Le partenaire faible du droit des marchés financiers n’est pas seulement l’épargnant individuel ou profane, il est aussi l’actionnaire minoritaire dans les offres publiques où sa position de minoritaire risque d’affecter le prix de cession de ses titres. Le chapitre VII examine comment le renforcement de l’interventionnisme judiciaire et le caractère dérogatoire au droit commun des règles de détermination du prix des titres des minoritaires dans les offres publiques obligatoires est significatif de l’existence de l’ordre public financier de protection.
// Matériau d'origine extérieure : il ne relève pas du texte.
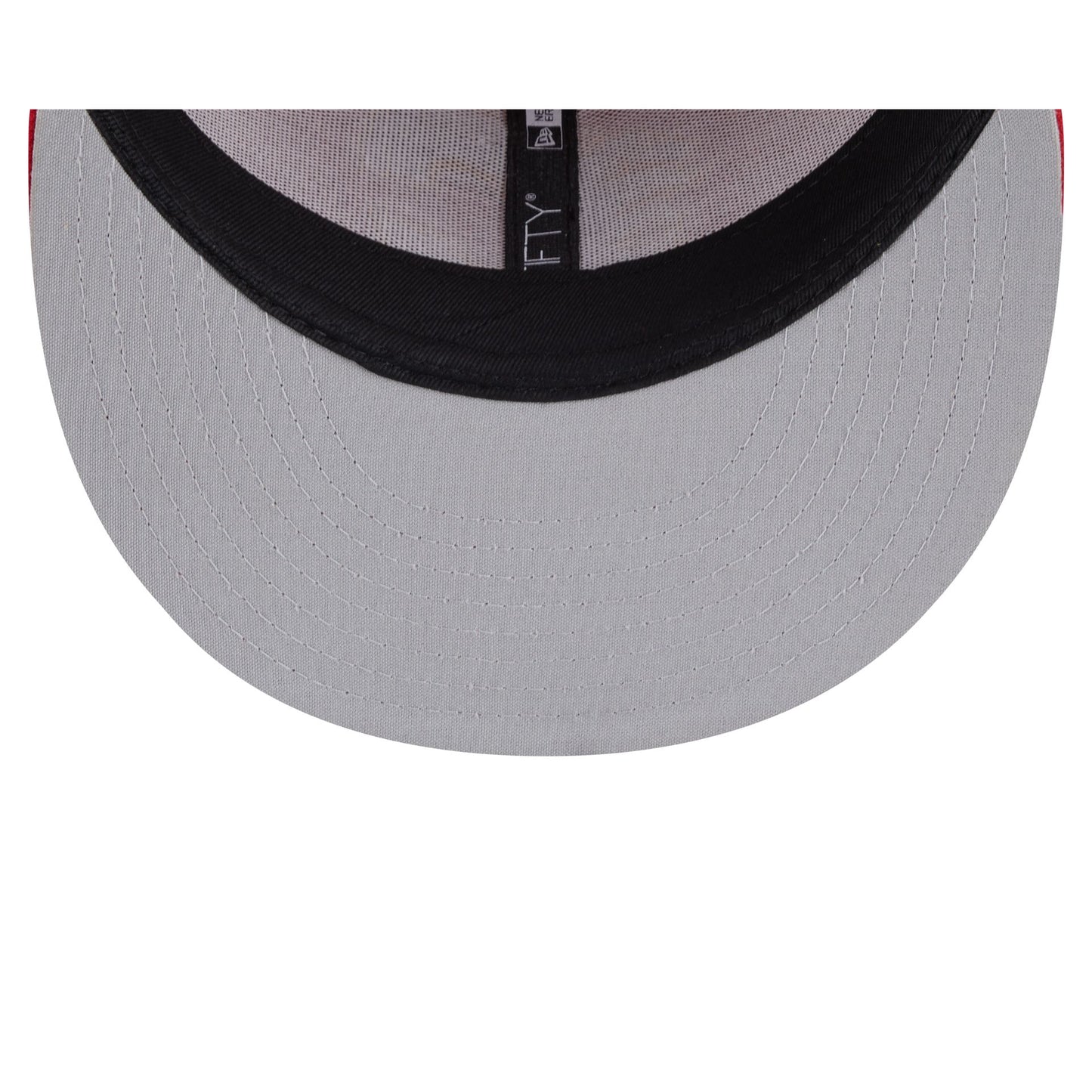 The Calgary Flames Team Tag 9FIFTY Trucker features an embroidered Flames logo at the front panels with a team tag on an snapback closure at a mesh rear and a gray undervisor.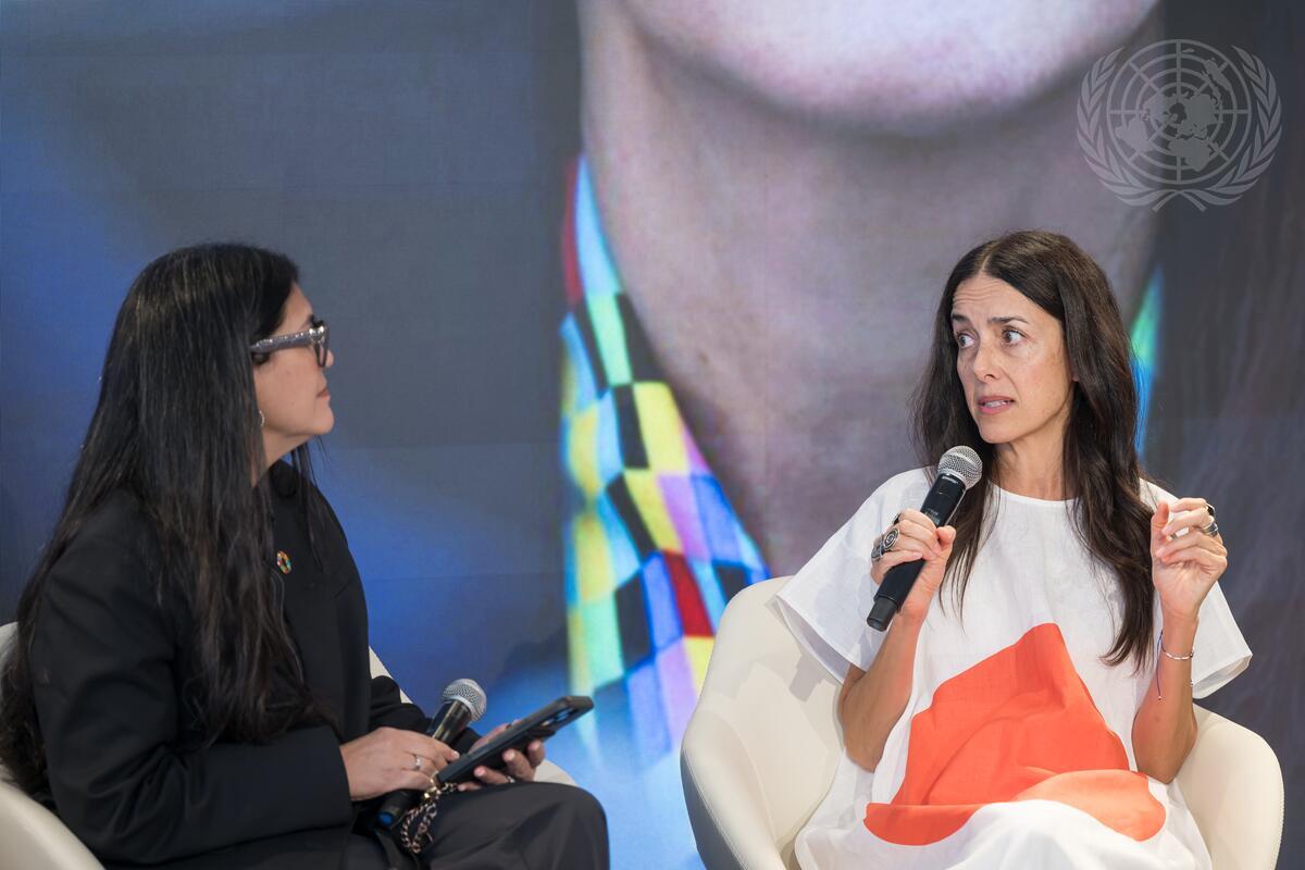 Cecilia Suárez (right), Actress and UN Global Advocate for Spotlight Initiative, discusses her advocacy to end violence against women and girls with moderator Irisaida Mendez Iriarte (left), Executive Director of the Univision Foundation. Since her appointment as a UN Global Advocate in 2020, Ms. Suárez has used her platform to amplify the voices of survivors and changemakers. Most recently, she travelled to Ecuador, where she met with survivors, activists, government leaders, and UN partners working to create a safer world for women and girls. In this one-on-one session, Cecilia reflected on her journey, the stories that moved her, and the power of art and advocacy to drive change.
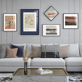 大尺寸铝合金晶瓷画置物架现代客厅装饰相框照片墙组合...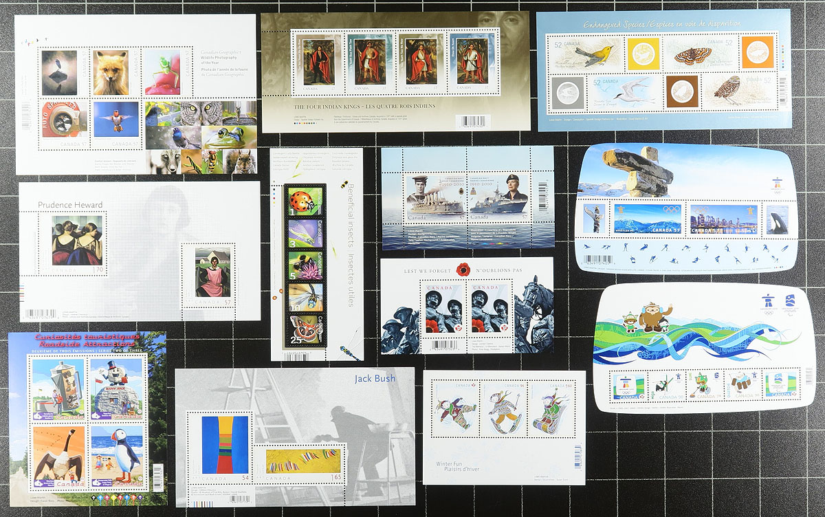 Modern Souvenir Sheets. A second offering of all-different (and all different from the first offering) modern souvenir sheets including many "P" and DOLLAR PLUS values. A total of 32 sheets, with issues for CFL, Remembrance Day, CAPEX, Lunar New Year, Maud Lewis, Gingerbread Houses etc. Conservatively value for the total face value alone (catalogue value would be at least double). Total face value =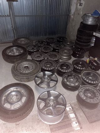 Llantas de 15 pulgadas color aluminio con algún toque (poca cosa). Con 2 neumáticos de invierno nuevos y otros 2 normales al 80% de vida. Se regalan fundas.

Les offres publiques obligatoires sont des offres dont le déclenchement ou l’exécution ne résulte pas de la libre volonté des parties mais procède d’une contrainte législative et réglementaire, contrairement aux offres publiques volontaires dont l’initiative appartient uniquement à l’acquéreur.

Dans les offres publiques à dépôt obligatoire, c’est-à-dire celles qui se déclenchent automatiquement lors du franchissement des seuils du tiers, de la moitié, ou des 95% (retrait obligatoire) des titres ou des droits de vote d’une société, l’acquéreur est tenu de déposer un projet d’offre publique visant la totalité du capital ou des droits de vote de la dite société, ce qui garantit à l’actionnaire minoritaire un prix de cession équivalent à celui des majoritaires. Cette obligation d’acquérir déroge au droit commun de la vente au nom du principe d’égalité de traitement des actionnaires. Si l’auteur du franchissement de seuil critique ne dépose pas d’offre publique, il s’expose à la sanction légale de la privation des droits de vote des titres détenus par l’acquéreur. Dans les offres publiques à exécution obligatoire, c’est-à-dire les offres publiques de retrait à l’initiative des majoritaires ou à l’initiative des minoritaires et à travers l’intervention du juge, les conditions de détermination des modalités de cession des titres sont étroitement encadrées. La mise en échec du droit de propriété dans le cas du retrait obligatoire à l’initiative de l’actionnaire majoritaire, appelée en droit américain, le « squeeze-out », est compensée par l’octroi d’un prix considéré par beaucoup comme indemnitaire de l’expropriation. Les règles de détermination du prix sont, dans cette hypothèse, impératives : le prix doit respecter une méthode objective, la méthode multicritères, définie par l’AMF et par le juge dont l’intervention n’a cessé de se développer en la matière. Ainsi, dans l’arrêt de la cour de cassation du 17 juillet 2001, dit Elyo, le transfert de propriété des titres du minoritaire ne peut avoir lieu sans une « indemnisation juste et équitable ». Depuis, la jurisprudence a confirmé cette analyse, donnant ainsi au juste prix une définition particulière, justifiée par l’ordre public financier de protection.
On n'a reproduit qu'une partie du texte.